# 220 Swift Gets to 7,000



## glenway (Mar 27, 2011)

Congratulations to 220Swift for hammering out 7,000 posts and giving us about 7,000 laughs in the process.

All seriousness aside and a rock in our PT family.

Well done, Mike!


----------



## catcapper (Feb 11, 2010)

I just saw that Glen.

Congrats on the 7000 Mike.

Its great have'in a fella with your experience and knowhow (ya old mule skinner.lol.) here on PT.

awprint:


----------



## hassell (Feb 9, 2010)

Way to go 220, congrats and thanks for all that you do, always well thought out and explained replies to posts ( besides the jokes ).


----------



## prairiewolf (Feb 19, 2012)

Congrats Mike !!


----------



## Jonbnks (Jan 21, 2012)

Congrats. I'll be lucky to every reach that kind of huge mile marker. Glad to have 220Swift around.


----------



## youngdon (Mar 10, 2010)

Thank you Mike, for being a friend, and for your input here on PT. It wouldn't be what it is without you.


----------



## 220swift (Mar 2, 2011)

Thanks guys! PT has been a major escape for me and I enjoy this site immensely. Cat, I consider being called an "old mule skinner" a compliment, thank you! The hundreds of hour spent in the saddle with my step dad are still some of the best memories I have.


----------



## 220swift (Mar 2, 2011)

Don, thank you for the friendship, some day I WILL get out your way.


----------



## 220swift (Mar 2, 2011)

There are so many of you guys out there I would like to meet in person, again thank you all!


----------



## SWAMPBUCK10PT (Apr 5, 2010)

*Congrats Mike----Glad your here*


----------



## Ruger (Jan 22, 2011)

Awesome!

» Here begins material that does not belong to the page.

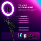 - Flexible Height & Multi Device Mounting- The light stand's height is adjustable in three sections (24.4”-78.7”/62-200cm) and allows for front and back angle adjustments. Paired with the ring light's 180° tilt, achieve effortless multiple-angle shooting. Use accessories like the included phone/tablet holders and super clamps for simultaneous multiple devices recording during short videos, live streaming, and content creation

Congrats Mike! PT wouldn't be the same without you around! Keep your posts coming.


----------



## sneakygroundbuzzard (Nov 1, 2012)

Mike, congrats on hitting 7000

i enjoy reading everything you post

keep up the good work and i agree you are an asset to the site

it wouldnt be the same with out you


----------



## 220swift (Mar 2, 2011)

thanks guys, you're too kind!


----------



## catcapper (Feb 11, 2010)

That's how I meant it Mike--- not many of us left around these days.

awprint:


----------



## Antlerz22 (Apr 18, 2011)

Congrats Mike, I'm on your heels---ok so I lied. Always a pleasure to read and enjoy your comments.


----------



## azpredatorhunter (Jul 24, 2012)

Congrats Mike !!!


----------



## Rick Howard (Feb 25, 2012)

Its always worth reading what you have to say, Mike. Thanks for sharing with us.


----------